Gilles Deleuze and Felix Guatari
Point of view
“He who believed he was was only an orientation. From another perspective his life sucks. »
Henri Michaux
Extreme
These few words that I said were already too much. I shouldn't have come at all and even my name shouldn't have appeared in the catalog. Yves Klein
Black hole
Today, I suddenly arrived at an absurd and accurate sensation: I realized, in a flash, that I was nobody. Fernando Pessoa
Ground
The unknown of the life of beings is like that of nature, which each scientific discovery only sets back but does not cancel.
Marcel Proust
Suspension
“What we found at the center of the dream was not an answer, but an enigma. »
Norman Mailer
Some works reflect the spirit of Queer philosophy which celebrates the diversity of gender identities and sexual orientation. They support the fact that each individual is made up of a plural identity which is now little sensitive to restrictive norms.
Other works are close to post-colonial philosophy which recognizes each culture as having its own history, knowledge and wisdom.
The corpus presented here autopsies the dominant narratives like the research of Subaltern Studies. Criticism of preconceived ideas shaped in the past deconstructs and reveals the biases, omissions and distortions that have kept certain sensibilities on the margins.

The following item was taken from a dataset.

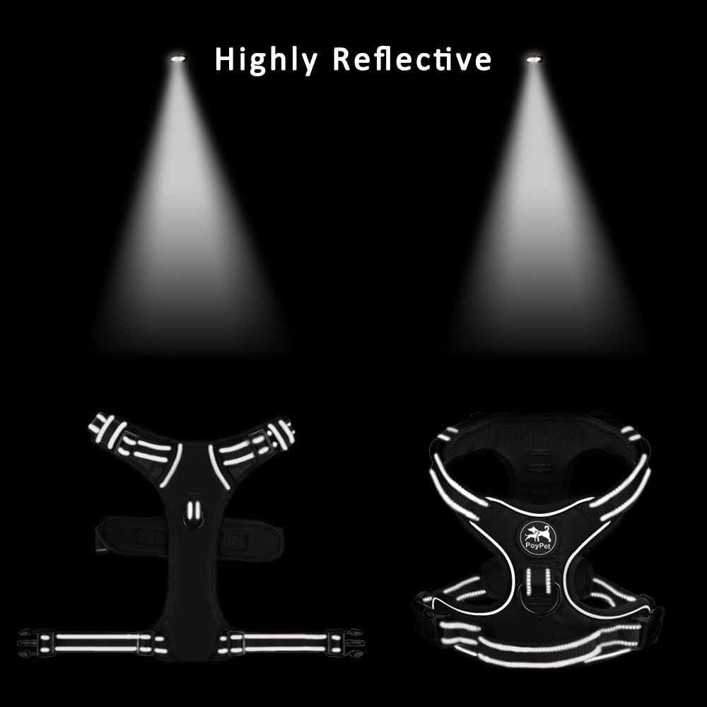 PoyPet No Pull Dog Harness, Reflective Comfortable Vest Harness with Front & Back 2 Leash Attachments and Easy Control Handle Adjustable Soft Padded Pet Vest for Small to Large Dogs (Pink,XL)

Finally, the entire corpus resonates with contemporary museology. She works on diversity and representativeness through the diversification of collections, audiences, cultural, social and generational pluralism.
While the background of the work is introspective and philosophical, its form reevaluates traditional conventions of art history. She draws the profile of an outsider far removed from the utilitarian excitement of the mainstream cultural world.

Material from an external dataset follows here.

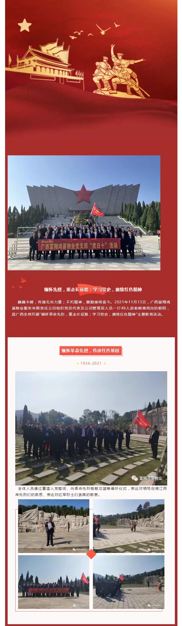 > 缅怀革命先烈 赓续红色精神|广西富翔鸿基物业赴全州湘江战風體役纪念馆開(kāi)展“学习党史,重走長(關女cháng)征路”主题教育活动

27 january 2014 - Strait of Magellan
Séroux is a discreet wanderer, a jovial cyclist, eccentric everywhere, a Phileas Fogg doubled as a Passe-partout.
He travels around Europe slowly, from the island of Ikaria in Greece, where he studies the concept of the fall of Icarus, to the nearby island of Leros, where he studies the history of confinement and the psychiatric system. The island's migrant camps.
The erupting island of La Palma and Reunion Island interest him, as do the cities of Berlin, Madrid and many others.
We saw him working for a time in Argentina along the N40 from south to north, or in Chile in the footsteps of Pablo Neruda in Valparaiso.
He returned to Polynesia, the Marquesas Islands and California to see the works of Frank Gehry, China in Shanghai, Japan in Kyoto, Australia from Perth to Tasmania via Sydney and the outback. We've seen him in the Moluccas and the Svalbard archipelago, but above all, he's elsewhere.
As part of his work on French Theory, we have seen him follow La Tranche by the coast, in France, going to Angoisse, Paradis, Juif, La Rencontre, etc.
Everywhere he painted, drew or photographed all sorts of forms of emptiness, distance and incomprehension under different names, indifferent to the climate of the moment.